チーム伊能、我慢の日々です。このような時でも愚痴も言わず、淡々と日記を書き続けるのが伊能忠敬流。
寛政12年8月6日(1800年)
朝から晴天、昼に太陽を測る。七つ頃ネモロの御詰合がニシベツに御出役につき、ニシベツから迎船が来た。諸器具をしまって乗船の用意をしたが、遅い時刻に船が着いたので、引き続き(アンネベツに)逗留。夜は少し曇る。
#伊能忠敬 #測量日記
(コメント)
本日もアンネベツ(浜中町姉別)逗留。四泊目。ネモロ(根室)からの船を待っていましたが、今日も来ず。一方、ニシベツ(別海町本別海)からの迎え船が来ました。このままネモロからの迎船を待っていても埒が明かないと判断したのでしょう、ニシベツに向かうことにしました。しかし、着船が遅く、出航は明日に。
寛政12年8月7日(1800年)
朝から四つ頃まで霧深し、後晴天。朝五つ後に出立。川船で三里余りフウレントウに着く。そこから草原平地を十町ばかり行き、海岸に出て、さらに二十七町余りでニシベツに九つ過ぎ着。仮家に止宿。なお、ニシベツはすべて仮家である。夜晴れ、測量す(続)。
#伊能忠敬 #測量日記
(承前)ネモロの御詰合がニシベツに御出役されており、ネモロへ行きたいとのお伺いを立てる。「現在ネモロは鮭引網漁の最中で会所には誰もいない。」と仰られた。よって、ここニシベツから引き返すこととした。八つ後からクナシリ島、ネモロ等の方位を測る。ニシベツに逗留。
#伊能忠敬 #測量日記
(コメント)
ニシベツ(別海町本別海西別川河口付近)に着きました。忠敬としては、通り過ぎてしまったネモロ(根室)に行き、さらにクナシリ(国後)までも行きたかったのですが、鮭漁猟で人手が少なく、送迎の船が手配できないようでは、為すすべがありません。ここニシベツが、伊能忠敬最北端かつ最東端の地となりました。ツイートは日記を要約しています。フルバージョンも別に作りましたので、興味のある方はご参照を。

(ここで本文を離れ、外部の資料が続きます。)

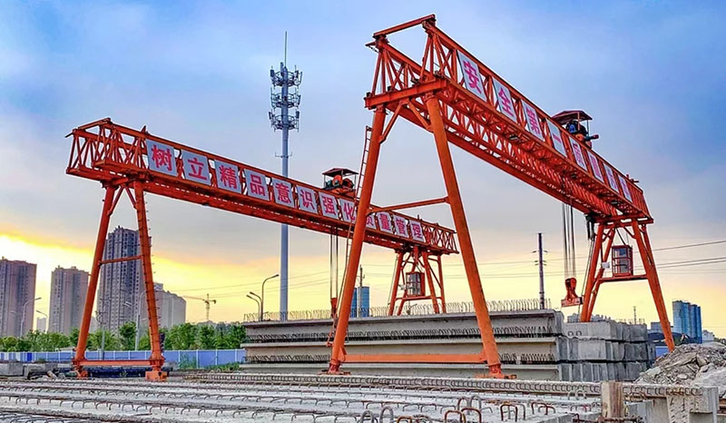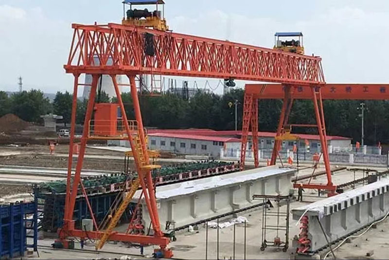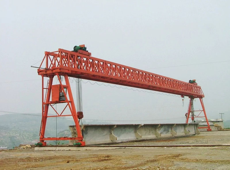 提梁機是一種為橋梁建設而專門設計的一種門式起重機。提梁機既可兩臺配合抬吊預制梁,也可以單臺起重機配雙吊具起吊預制梁,兩臺同時起重的提梁機各自的起重量一般為450噸,單臺起重的提梁機起重量通常可達900噸。它配置支腿行走、天車行走及天車起吊設備,可以實現全方位機械化動作。主要用于將預制梁從制梁臺提吊至存梁臺位,預制梁養護完成后將其從存梁臺位吊運到運梁車上。作為起重設備完成架橋機的組裝和拆卸。還用于架設墩身不高的旱橋。

本日の旅程は、アンネベツ(浜中町姉別)〜ニシベツ(別海町本別海西別川河口付近)。グーグルマップは、姉別小学校跡地〜第一次伊能忠敬測量隊最東端到達記念柱。川を船で航行していますので、グーグルマップは場所の参考程度に見てください。
寛政12年8月8日(1800年)
朝から晴天。今朝、御詰合及び支配人から、飛脚でアツケシに我々の出立のための迎船の触れを出していただいた。我々からも先触れを出した。昼、太陽の南中を観測。昼過ぎから十間縄でクナシリ、ネモロ、ノツケ等の方位を測る。夜は薄曇り。
#伊能忠敬 #測量日記
(コメント)
ニシベツ(別海町)からの帰り支度が進みます。お役所は迎船を要請し、忠敬は先触を出しています。人足7人用意されたしとの内容。馬を要請していないのは、アツケシ(厚岸)までは船利用だからでしょう。測量器具等の荷物を人足だけで運ぶとなると、7人必要だったのですね。先触の写し全文はブログで紹介しました。
寛政12年8月9日(1800年)
朝から夜まで晴天。朝五つ前にニシベツを出立。海辺廿七町は原と野地。さらに十町ばかりでフウレントウに至る。船に乗り、一里余り行く。さらにウレシ川を三里余り、アンネベツに七つ半後に着。道のりで五里。止宿。
#伊能忠敬 #測量日記
(コメント)
いよいよ復路が始まりました。本日の旅程は、ニシベツ(別海町本別海西別川河口付近)〜アンネベツ(浜中町姉別)。往路と同様ニシベツ〜フウレントウは徒歩(馬は使えず)、フウレントウ〜アンネベツは川を船で航行します。川を船で航行していますので、グーグルマップは場所の参考程度に見てください。
寛政12年8月10日(1800年)
朝から暮まで曇天、夜も同じ。暮六つ二三分に少し地震有り。朝五つ頃アンネベツを出立。ヲイナヲシで中食。八つ後ノコベリベツへ着。道のりは六里というが、足では五里七丁ほどであった。止宿。
#伊能忠敬 #測量日記
(コメント)
本日の旅程は、アンネベツ(浜中町姉別)〜ノコベリベツ(浜中町)。この道のりは六里(約24キロ)とされていましたが、チーム伊能の測量結果では五里七丁(21キロ弱)であったと記しています。誤差を減らすため復路でも測量していたのでしょう。